**Work to complete:** From the entries below, reproduce exactly the lines from the one with "(251029) -- QUITO, 29" through the one with "Link: Choose on", both included, without images.

**Extracted information:**
────────────────

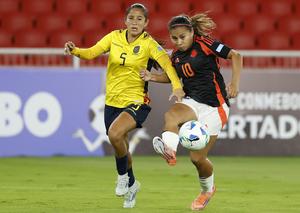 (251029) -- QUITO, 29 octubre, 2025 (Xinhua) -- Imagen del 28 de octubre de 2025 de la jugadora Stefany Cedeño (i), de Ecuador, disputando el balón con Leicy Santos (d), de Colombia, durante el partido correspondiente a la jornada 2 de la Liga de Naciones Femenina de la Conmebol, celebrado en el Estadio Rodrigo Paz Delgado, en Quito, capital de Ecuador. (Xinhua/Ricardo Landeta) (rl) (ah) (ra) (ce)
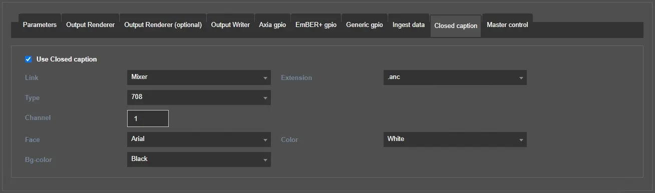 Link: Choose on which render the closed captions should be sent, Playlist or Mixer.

────────────────

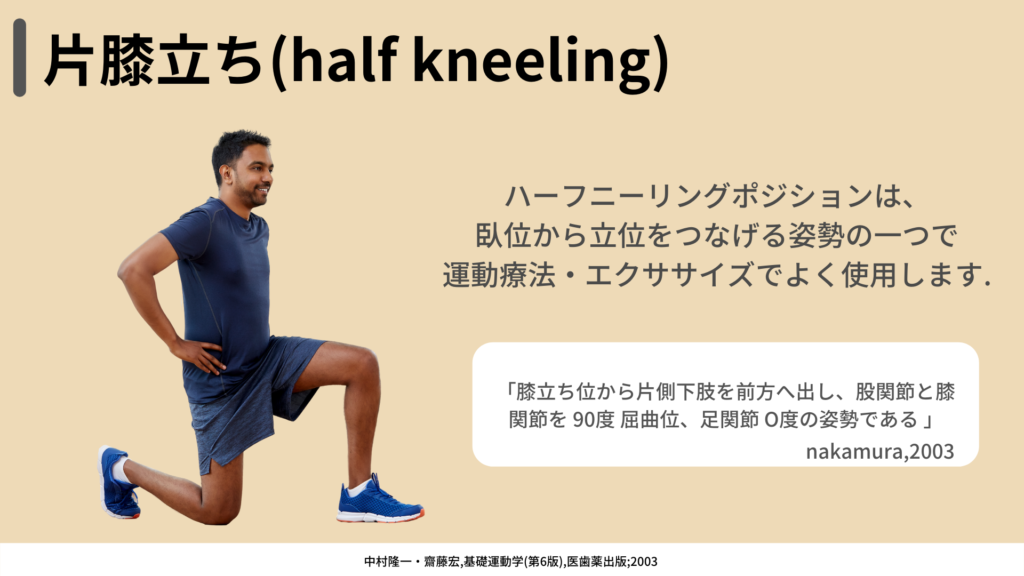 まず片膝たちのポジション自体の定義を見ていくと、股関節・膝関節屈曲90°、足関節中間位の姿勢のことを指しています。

────────────────

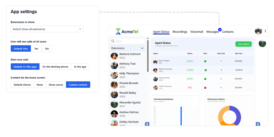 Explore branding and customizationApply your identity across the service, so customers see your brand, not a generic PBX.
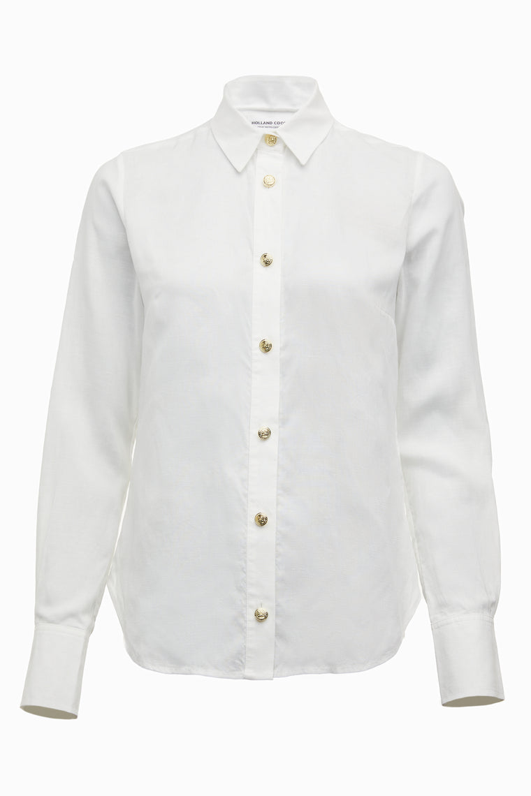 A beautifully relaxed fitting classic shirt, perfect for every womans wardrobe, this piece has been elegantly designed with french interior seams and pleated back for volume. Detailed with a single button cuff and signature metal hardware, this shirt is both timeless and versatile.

────────────────

**Result for this exercise:**
 (251029) -- QUITO, 29 octubre, 2025 (Xinhua) -- Imagen del 28 de octubre de 2025 de la jugadora Stefany Cedeño (i), de Ecuador, disputando el balón con Leicy Santos (d), de Colombia, durante el partido correspondiente a la jornada 2 de la Liga de Naciones Femenina de la Conmebol, celebrado en el Estadio Rodrigo Paz Delgado, en Quito, capital de Ecuador. (Xinhua/Ricardo Landeta) (rl) (ah) (ra) (ce)
 Link: Choose on which render the closed captions should be sent, Playlist or Mixer.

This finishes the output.